━━━━━ Exercise data ━━━━━
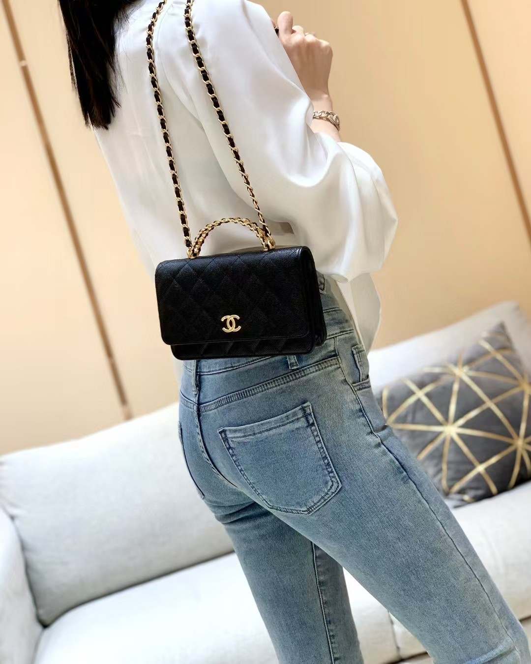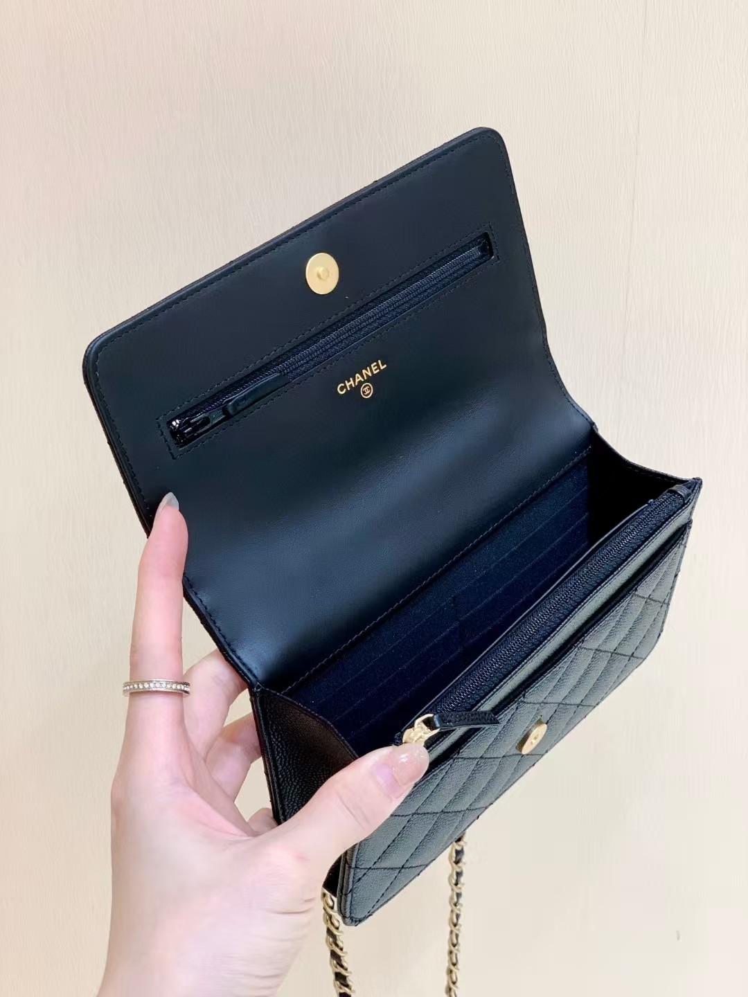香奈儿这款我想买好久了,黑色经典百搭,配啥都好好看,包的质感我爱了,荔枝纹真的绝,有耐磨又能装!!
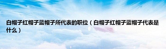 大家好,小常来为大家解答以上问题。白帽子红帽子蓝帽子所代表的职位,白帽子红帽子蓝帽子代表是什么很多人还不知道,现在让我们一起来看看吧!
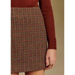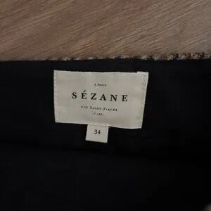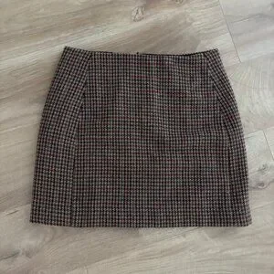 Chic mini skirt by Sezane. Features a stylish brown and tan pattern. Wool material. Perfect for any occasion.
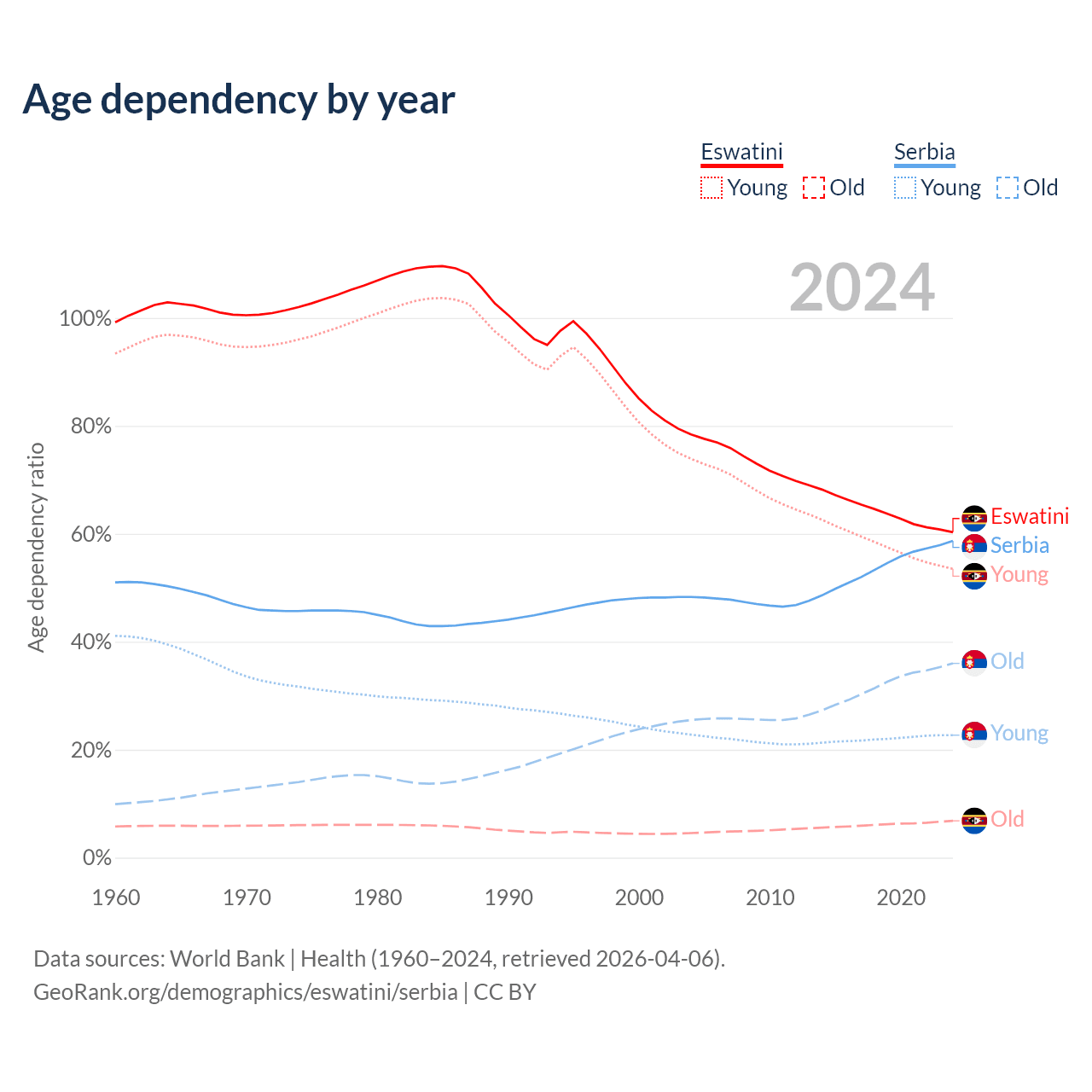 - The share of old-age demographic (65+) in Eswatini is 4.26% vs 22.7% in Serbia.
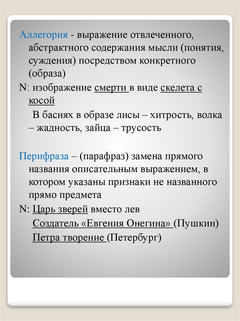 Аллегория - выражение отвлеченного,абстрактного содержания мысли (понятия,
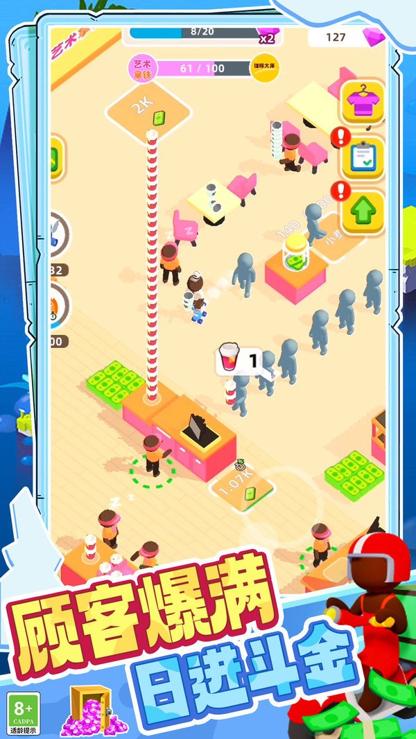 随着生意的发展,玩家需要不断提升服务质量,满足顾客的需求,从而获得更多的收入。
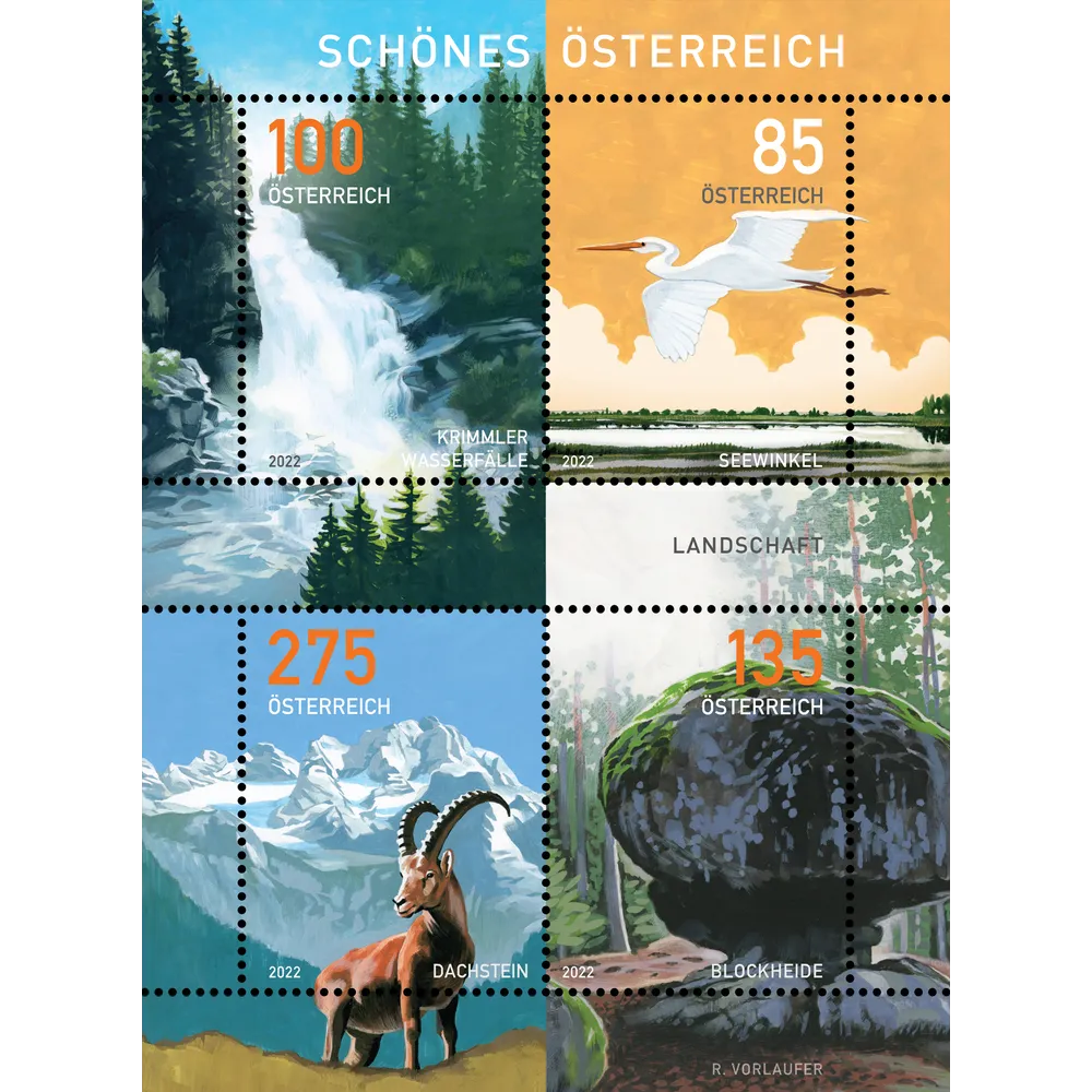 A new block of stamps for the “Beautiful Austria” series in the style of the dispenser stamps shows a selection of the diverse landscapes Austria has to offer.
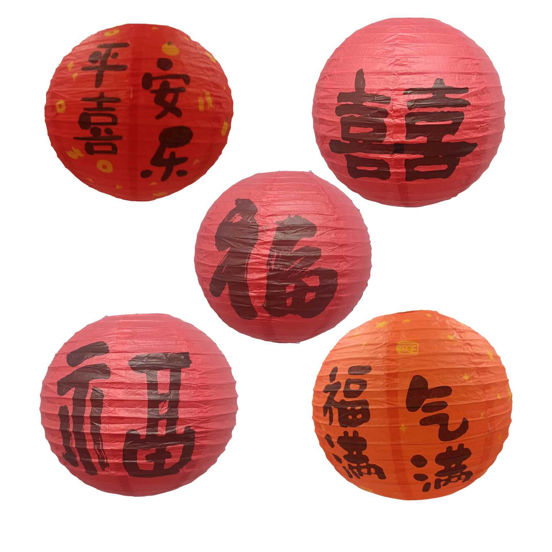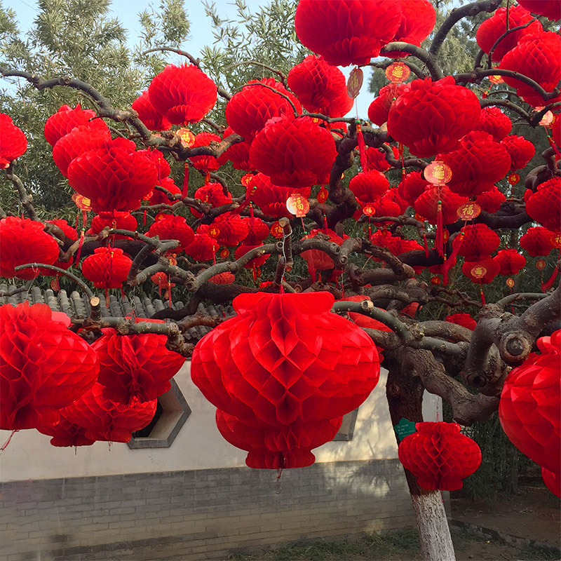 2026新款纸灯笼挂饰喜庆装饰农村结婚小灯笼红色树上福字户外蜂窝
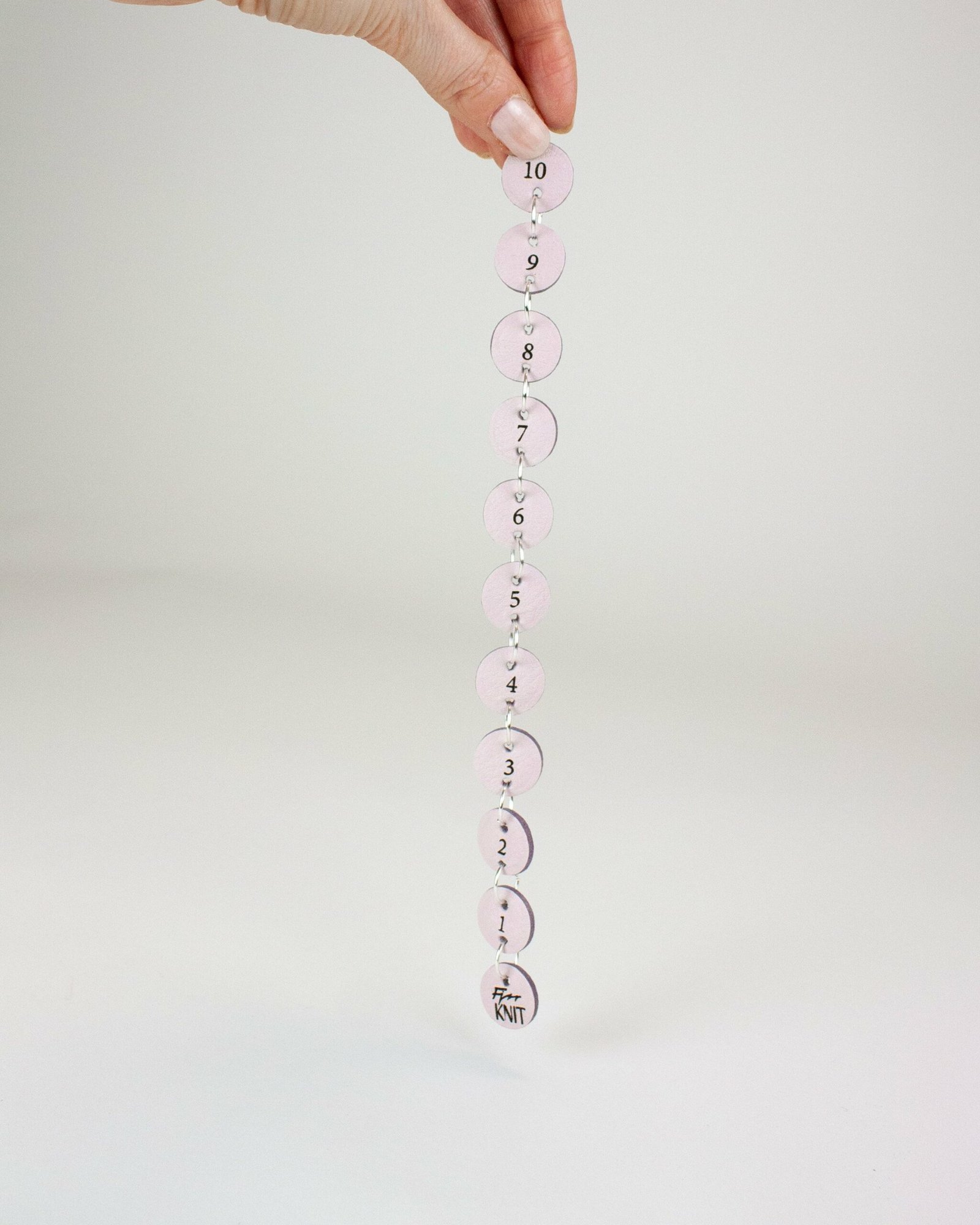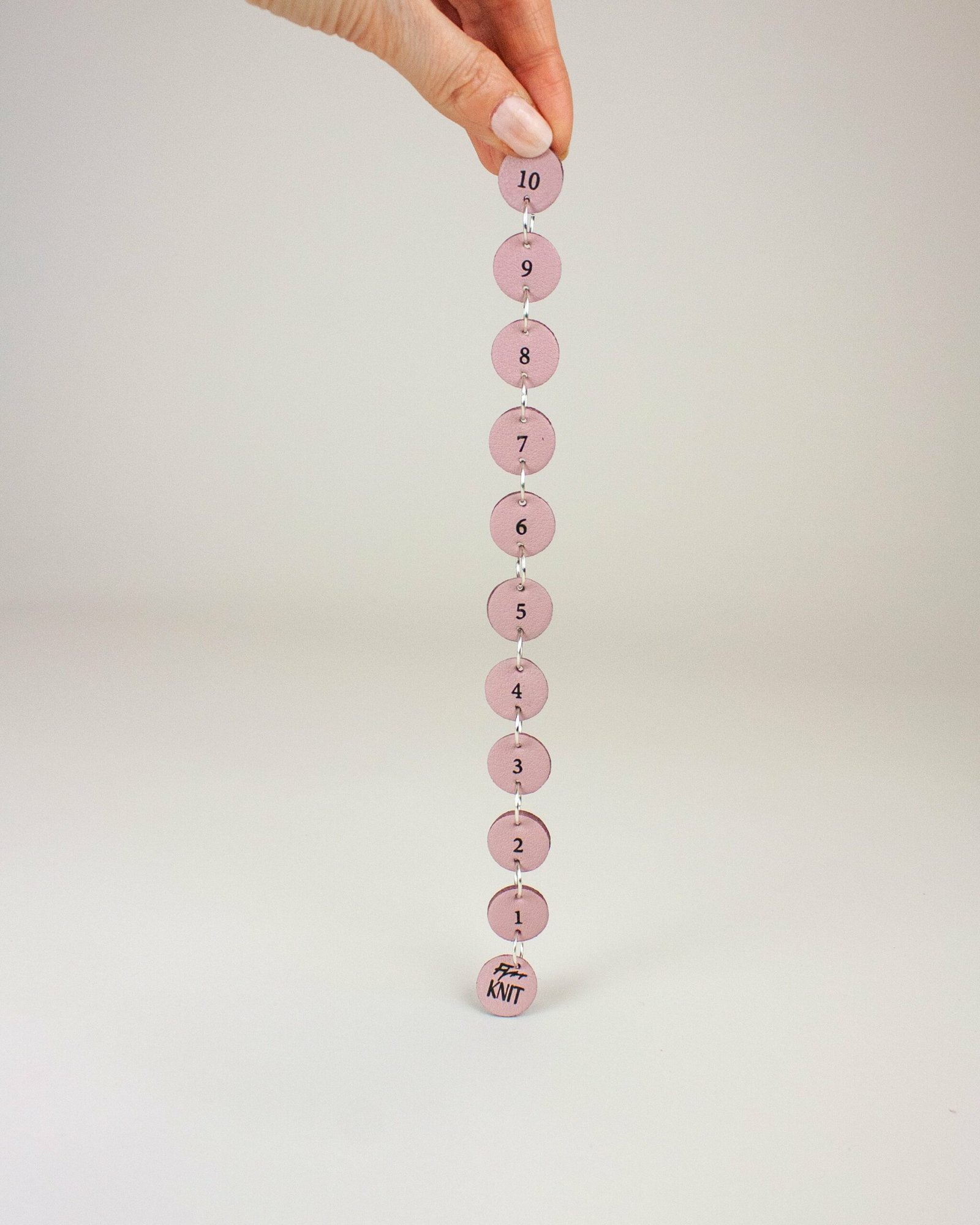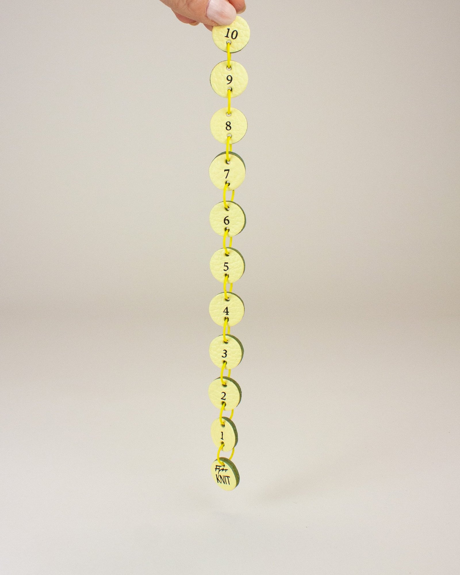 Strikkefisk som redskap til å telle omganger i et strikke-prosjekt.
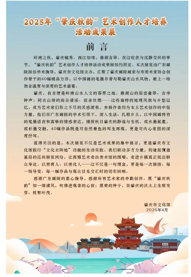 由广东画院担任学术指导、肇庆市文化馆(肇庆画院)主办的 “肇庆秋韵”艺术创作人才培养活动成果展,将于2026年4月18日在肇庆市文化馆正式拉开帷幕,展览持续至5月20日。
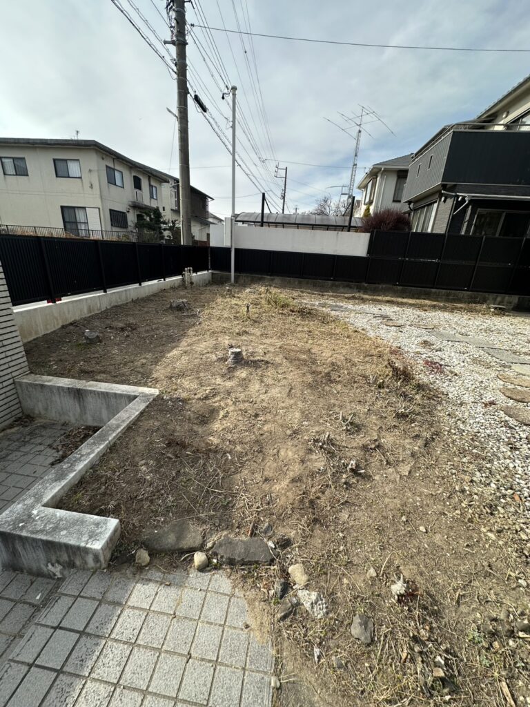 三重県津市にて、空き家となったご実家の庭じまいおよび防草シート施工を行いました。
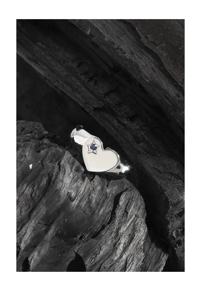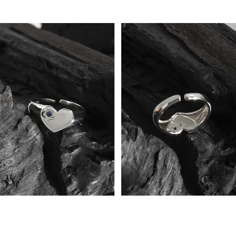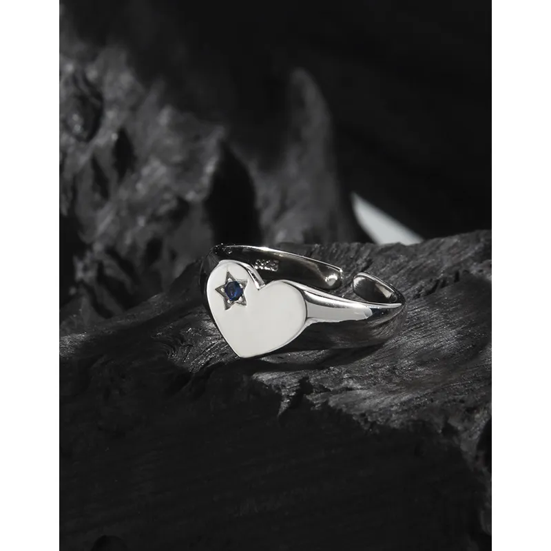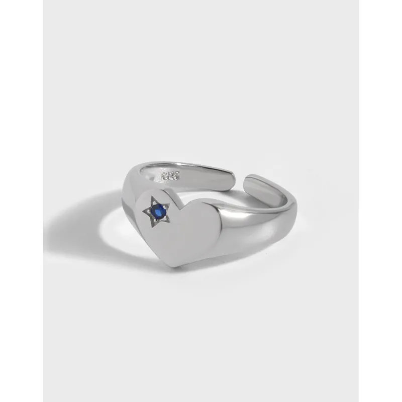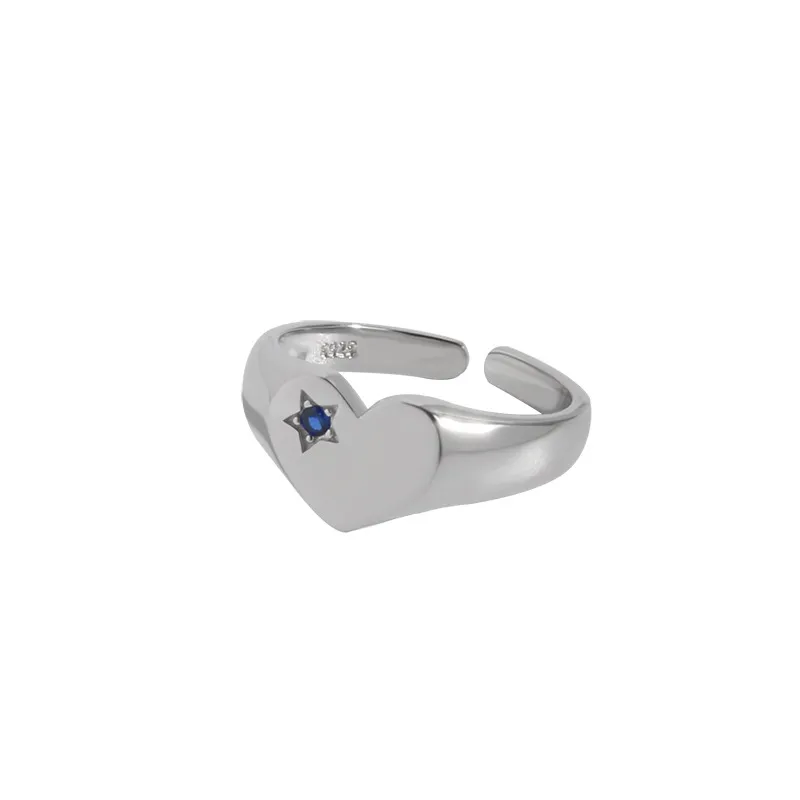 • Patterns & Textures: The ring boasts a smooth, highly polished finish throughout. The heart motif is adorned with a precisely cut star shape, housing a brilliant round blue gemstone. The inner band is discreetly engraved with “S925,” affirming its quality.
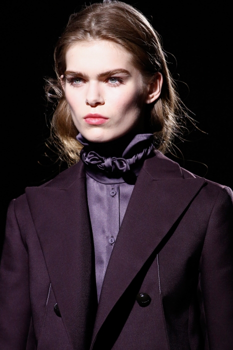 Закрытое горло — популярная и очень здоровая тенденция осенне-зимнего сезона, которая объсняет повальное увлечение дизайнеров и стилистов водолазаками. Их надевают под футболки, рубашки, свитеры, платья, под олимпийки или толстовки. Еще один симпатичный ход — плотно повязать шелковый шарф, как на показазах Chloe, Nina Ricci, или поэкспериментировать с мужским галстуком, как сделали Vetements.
━━━━━
Work item ▸ In the copy, include no pictures, but repeat the listing exactly.

Result for this exercise ▸
香奈儿这款我想买好久了,黑色经典百搭,配啥都好好看,包的质感我爱了,荔枝纹真的绝,有耐磨又能装!!
 大家好,小常来为大家解答以上问题。白帽子红帽子蓝帽子所代表的职位,白帽子红帽子蓝帽子代表是什么很多人还不知道,现在让我们一起来看看吧!
 Chic mini skirt by Sezane. Features a stylish brown and tan pattern. Wool material. Perfect for any occasion.
 - The share of old-age demographic (65+) in Eswatini is 4.26% vs 22.7% in Serbia.
 Аллегория - выражение отвлеченного,абстрактного содержания мысли (понятия,
 随着生意的发展,玩家需要不断提升服务质量,满足顾客的需求,从而获得更多的收入。
 A new block of stamps for the “Beautiful Austria” series in the style of the dispenser stamps shows a selection of the diverse landscapes Austria has to offer.
 2026新款纸灯笼挂饰喜庆装饰农村结婚小灯笼红色树上福字户外蜂窝
 Strikkefisk som redskap til å telle omganger i et strikke-prosjekt.
 由广东画院担任学术指导、肇庆市文化馆(肇庆画院)主办的 “肇庆秋韵”艺术创作人才培养活动成果展,将于2026年4月18日在肇庆市文化馆正式拉开帷幕,展览持续至5月20日。
 三重県津市にて、空き家となったご実家の庭じまいおよび防草シート施工を行いました。
 • Patterns & Textures: The ring boasts a smooth, highly polished finish throughout. The heart motif is adorned with a precisely cut star shape, housing a brilliant round blue gemstone. The inner band is discreetly engraved with “S925,” affirming its quality.
 Закрытое горло — популярная и очень здоровая тенденция осенне-зимнего сезона, которая объсняет повальное увлечение дизайнеров и стилистов водолазаками. Их надевают под футболки, рубашки, свитеры, платья, под олимпийки или толстовки. Еще один симпатичный ход — плотно повязать шелковый шарф, как на показазах Chloe, Nina Ricci, или поэкспериментировать с мужским галстуком, как сделали Vetements.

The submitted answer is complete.